ToraSEO ships with conservative defaults. Reports of a secure default being weakened by a config option are considered a hardening request rather than a vulnerability, but we still want to hear about them.

  • robots.txt is honored by default; disabling it requires explicit user action and is gated behind the Owner-mode tier described in CRAWLING_POLICY.md.
  • Outbound requests have a default timeout, body-size cap, and redirect cap.
  • The User-Agent identifies ToraSEO honestly and links to this repository; we do not spoof.
  • The renderer runs behind a narrow preload API and does not receive raw Node.js or ipcRenderer access.
  • Release binaries are built from tagged commits and their checksums are published alongside the release.

Why These Defaults Are Strict

The defaults above are not chosen because any single law requires them. They reflect an industry consensus, accumulated over three decades of operating crawlers on the open web, about what a well-behaved bot looks like. The short version:

  • The Robots Exclusion Protocol (robots.txt) was formalized as RFC 9309 in September 2022, co-authored by Martijn Koster and engineers from Google. Before formalization it was a de-facto standard followed by every major search engine; after formalization it is an IETF Proposed Standard. ToraSEO honors it because the entire crawler ecosystem — Googlebot, Bingbot, Yandexbot, AhrefsBot, SemrushBot — honors it. A new entrant that ignores robots.txt does not save effort; it signals to operators, network defenders, and prospective employers of its author that the project is not a serious tool.

  • Honest User-Agent identification is the second pillar of that consensus. Cloud providers, CDNs, and bot-management vendors (Cloudflare, Akamai, Imperva, DataDome) maintain shared reputation signals about crawlers. A tool that identifies itself with a contact URL and stable token can be allow-listed when operators trust it, rate-limited when they want to slow it down, and cleanly blocked when they do not want it at all. A tool that spoofs a browser or rotates User-Agents to look like Googlebot ends up on the same reputation lists as malware.

  • Rate limits and per-host budgets exist because making a request to someone else's server costs them resources. The cost is small per request; it stops being small at scale. Every public crawling policy that takes itself seriously — Common Crawl, Internet Archive, the major search engines — publishes some version of "this is how often we hit you, this is how to slow us down, this is who to contact." ToraSEO follows the same shape because that is what treats the open web as a shared resource rather than something to be extracted from.

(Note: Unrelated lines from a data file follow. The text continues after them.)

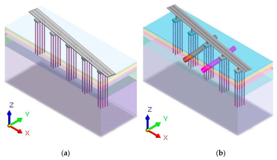 In order to further study the effect of the adjacent tunnel on the dynamic response of pile-soil composite foundations under moving train loads, two numerical models of an ordinary pile-soil composite foundation and a pile-soil composite foundation with a proximity tunnel are established according to the project case, as shown in Figure 8. The size of the two numerical calculation models is the same, with a length, width, and height of 160, 60, and 80 m, respectively. The mechanical parameters of the soil and structure are given in Table 2, respectively. The concrete structures mainly considered in the numerical simulation include shield segments, piles, and the piers and caps of the bridge, of which the outer diameter and the thickness of shield segments are 6.0 m and 0.3 m, respectively. The diameter and the length of the pile are 1.25 m and 46 m, respectively. The size of the cushion cap is 12.2 m × 6.8 m and the width of bridge is 12.2 m. The distance between two cushion caps is 32 m. The same as for the numerical simulation in Section 2.5, the elastic constitutive model is adopted in the numerical calculation model and the viscous boundary conditions are used to restore the infinite state of the real foundation.
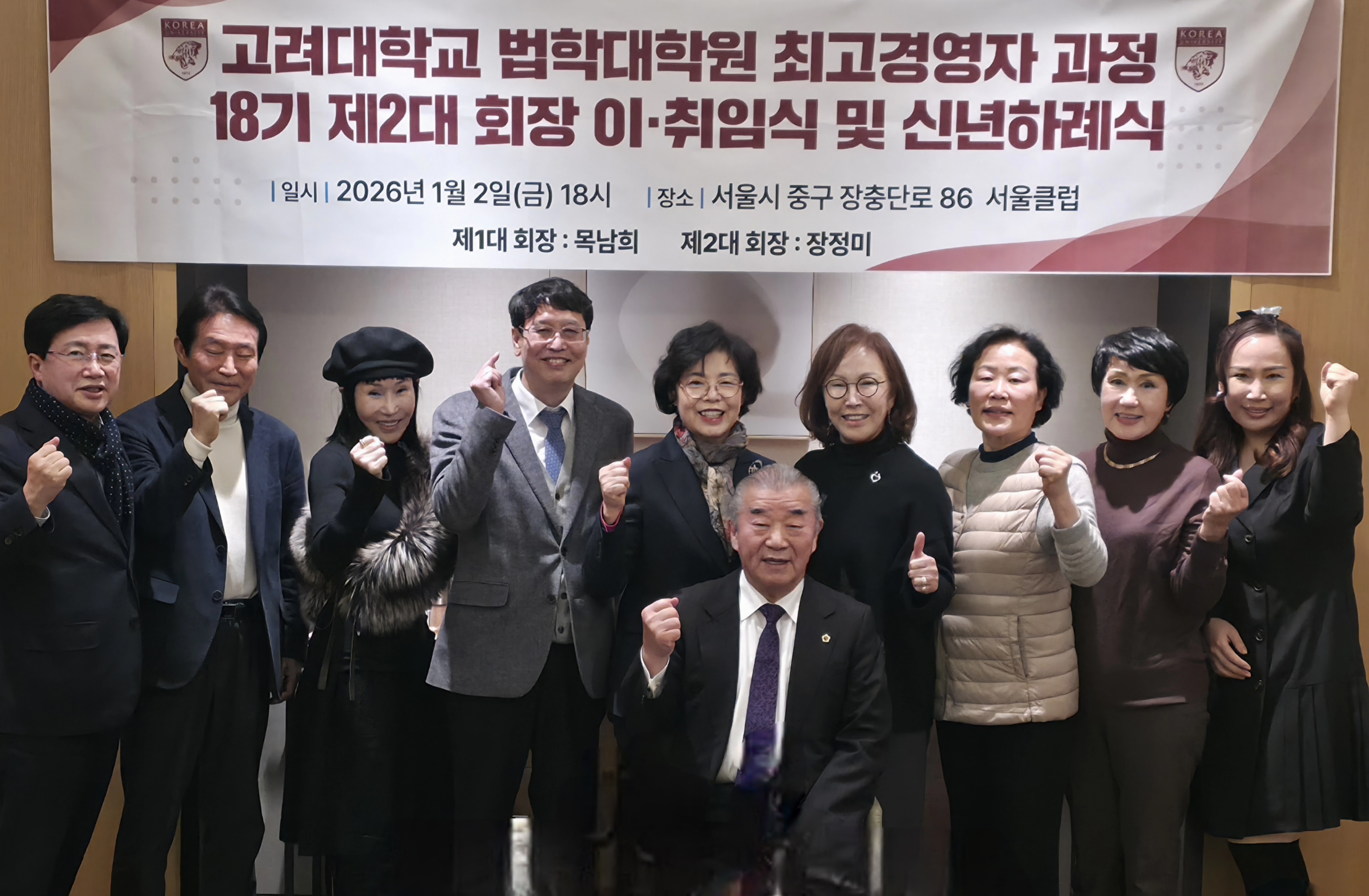 이기수 한국법학원장은 1월 2일 저녁 서울시 중구 서울클럽에서 열린 고려대학교 법학전문대학원 최고경영자과정 18기 제2대 회장(장정미) 이·취임식 및 신년하례식에 참석해 학생회 임원진을 격려했다.
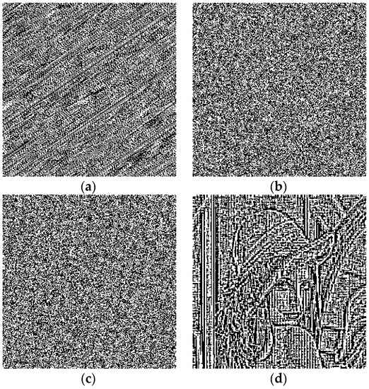 Extracted binary watermarks with different key combinations: (a) ; (b) ; (c) ; (d) .
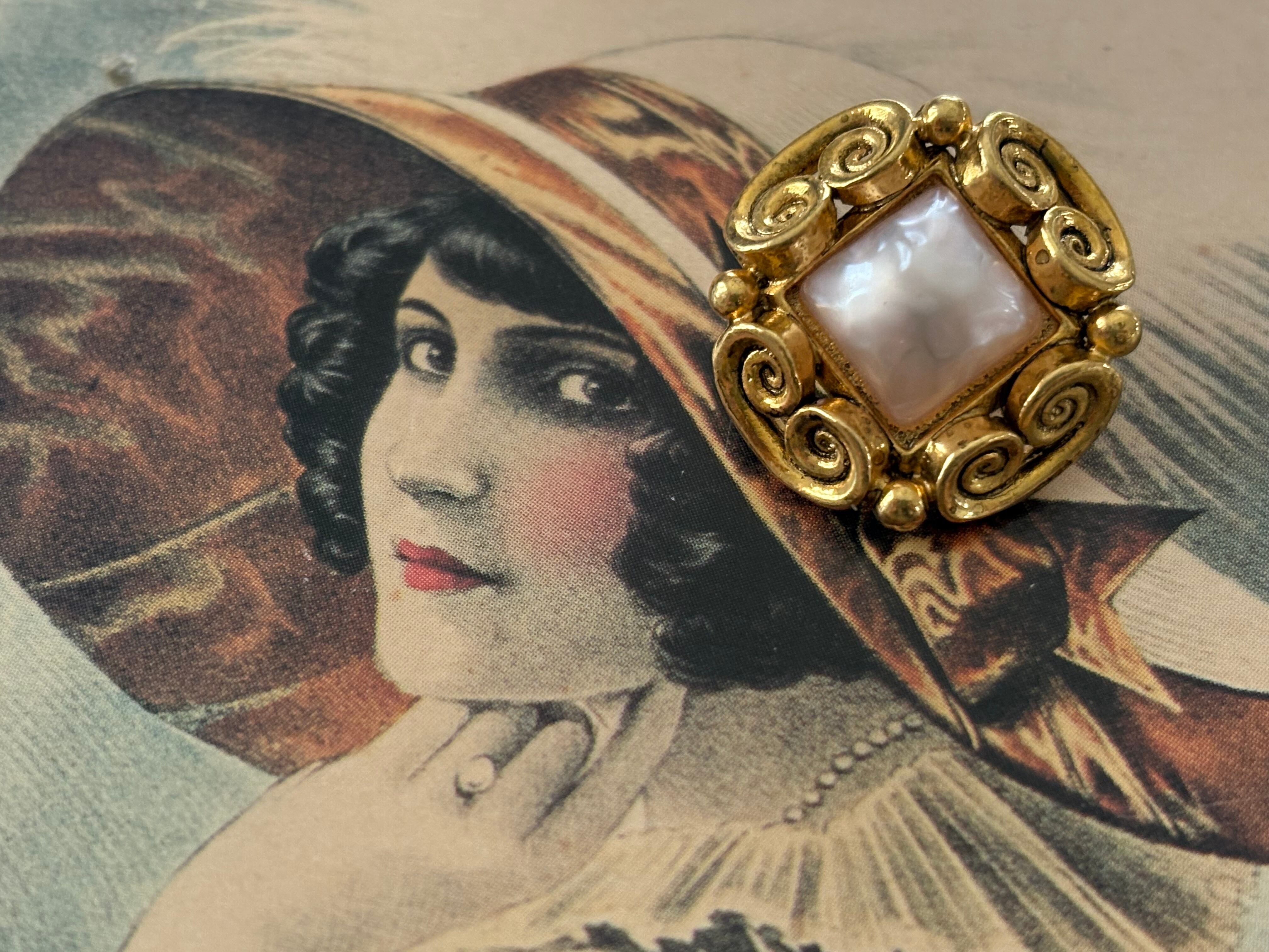 21mm Japanese Vintageボタン パール調カボション メタル 透かし アクセサリーパーツ デコレーション材
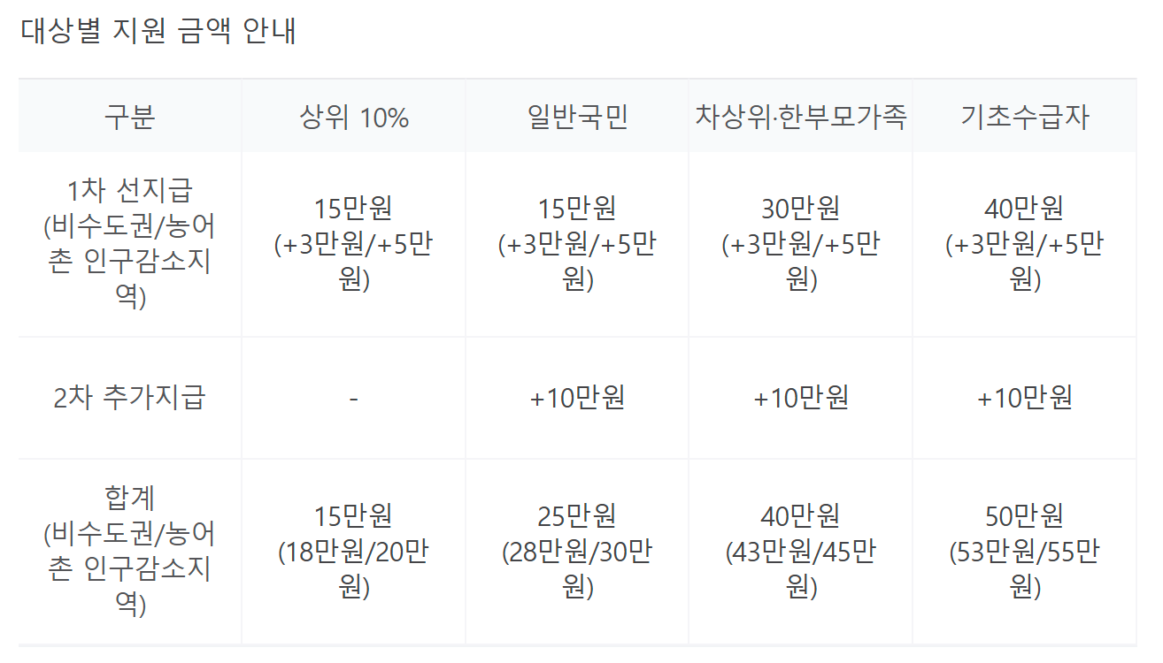 💡공지: 지급 금액과 대상은 지자체별로 다름 — 주민센터 공문 및 지자체 홈페이지 꼭 확인하세요
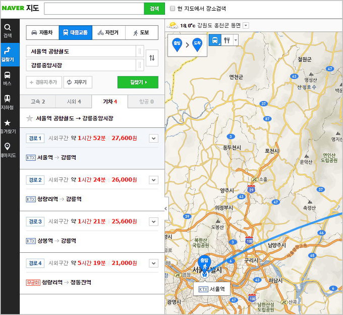 네이버 대중교통 길찾기
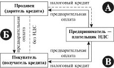 В — У Покупателя обязательства по НДС не возникают. Деньги направляются Предпринимателю в виде предварительной оплаты для приобретения облагаемых налогом товаров, в результате у Покупателя возникает налоговый кредит (который и будет полученным подарком), а у Предпринимателя — налоговые обязательства, которые автоматически погашаются налоговым кредитом, полученным на стадии А.

  • "What ToraSEO does not do" is itself the differentiator. Several SEO and scraping tools have, over the years, become liabilities for the people who built them or used them — through blocklisting, vendor litigation, or sustained reputation damage. We do not enumerate cases here, but the lesson is clear in retrospect: the line between "clever scraper" and "hostile crawler" is drawn by operators, not by the tool's author. ToraSEO stays on the right side of that line by default, and contributors are asked to keep it there.

Reports that propose loosening any of the defaults above will be treated as design questions, not as patches; they are answered in CRAWLING_POLICY.md.

For Contributors

If you are submitting a pull request that touches network code, MCP tools, or Electron IPC, please confirm in the PR description that you considered the relevant section of this document. Reviewers will ask.

A non-exhaustive checklist:

  • New MCP tools validate every argument before use.
  • New crawler code respects the rate limiter and page cap.
  • New IPC handlers expose only narrow, typed operations to the renderer.
  • New provider integrations never return raw secrets to the renderer.
  • New release-pipeline changes preserve checksum publication.

Security Contributors

We are grateful to everyone who helps keep ToraSEO safe.

This list will populate as reports are resolved. Reporters are credited here unless they ask to remain anonymous.